Another classic headache is manipulating Canvas from inside React. You end up with enormous, timing-unclear Effects tangled around each other until you are fully debugged into oblivion. The tricky part is that Canvas has its own internal state machine. Every operation you perform on it is a side effect, entirely unrelated to React. The best practice is to keep all of that outside of React, exposing only two sets of interfaces for communication: an Effect that pushes from React to Canvas, and a manager stored in a Ref that holds the Canvas Reference and dispatches events.

Libraries like react-three-fiber or react-konva handle this for you.
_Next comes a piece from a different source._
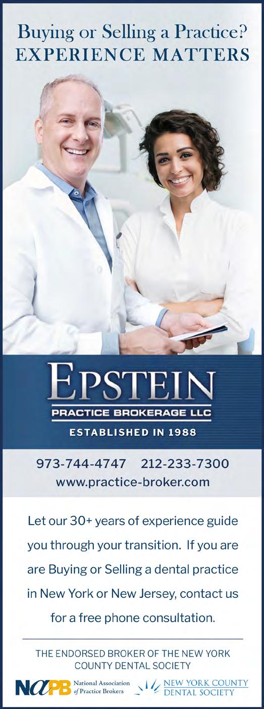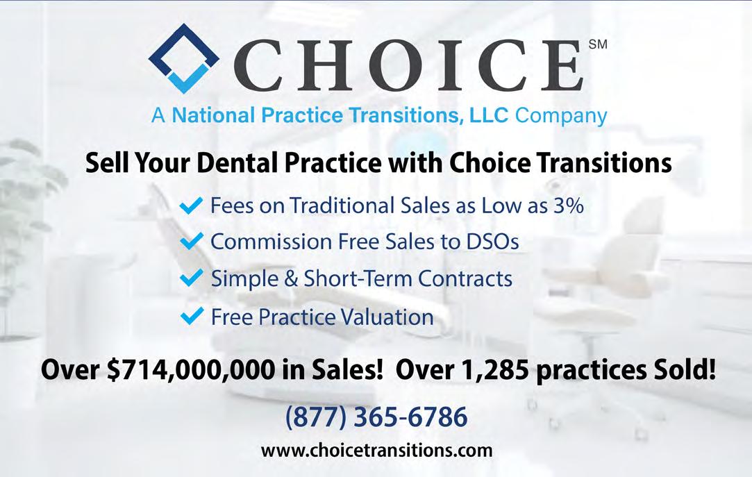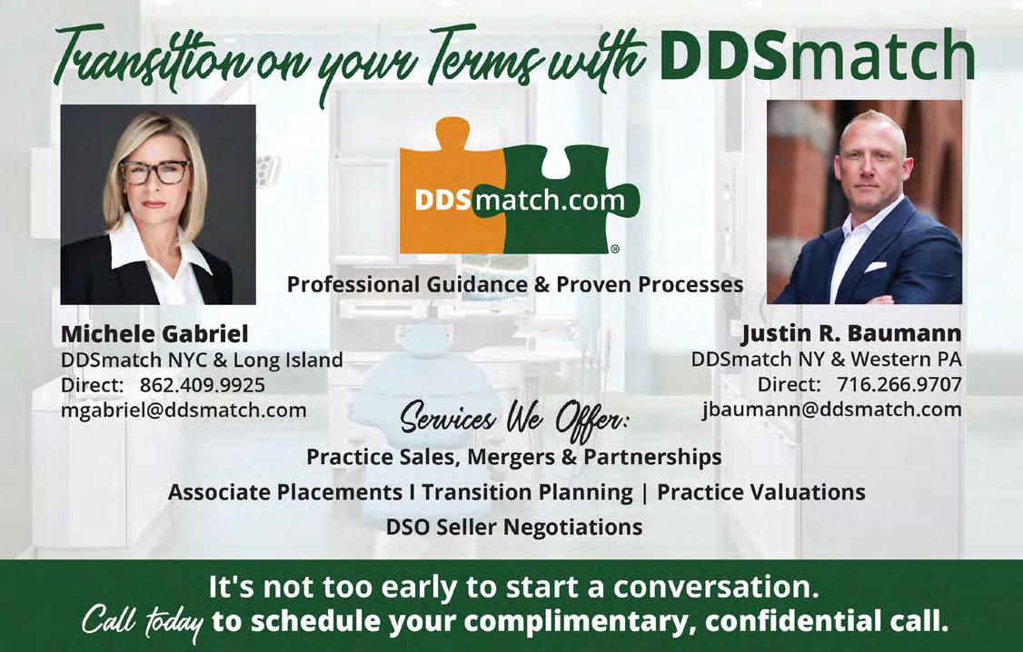 CENTRAL NEW YORK: Established general dental practice offers strong community ties, consistent demand and long-term stability. Owner doctor practicing more than 15 years and seeks partnership. Recently updated office features nine operatories with additional expansion space available for lease. Operating just four days per week. Practice supports 2,815 active patients and generates $2.248M collections with $815K in EBITDA. Minimal advertising and steady word-of-mouth referrals create meaningful growth potential. Learn more by contacting Bailey, Professional Transition Strategies by email: bailey@ professionaltransition.com; or call (719) 694-8320. Ref #NY112625. Online here: www. professionaltransition.

If you choose not to use them (I personally find these libraries somewhat irritating), you have to sort out the right development paradigm yourself.

On the topic of References: some developers package State and Callbacks into a Ref to expose to a parent component, which then reaches inside the child via useRef to retrieve values, achieving what they call "reverse communication." This is a clear anti-pattern, because References are not meant for this purpose. More fundamentally, "reverse data flow" has no place in the React conceptual model at all. What flows upward should only ever be event callbacks.

SSR Is a Strange Idea

I did not say it was a bad idea. I said it was a strange idea.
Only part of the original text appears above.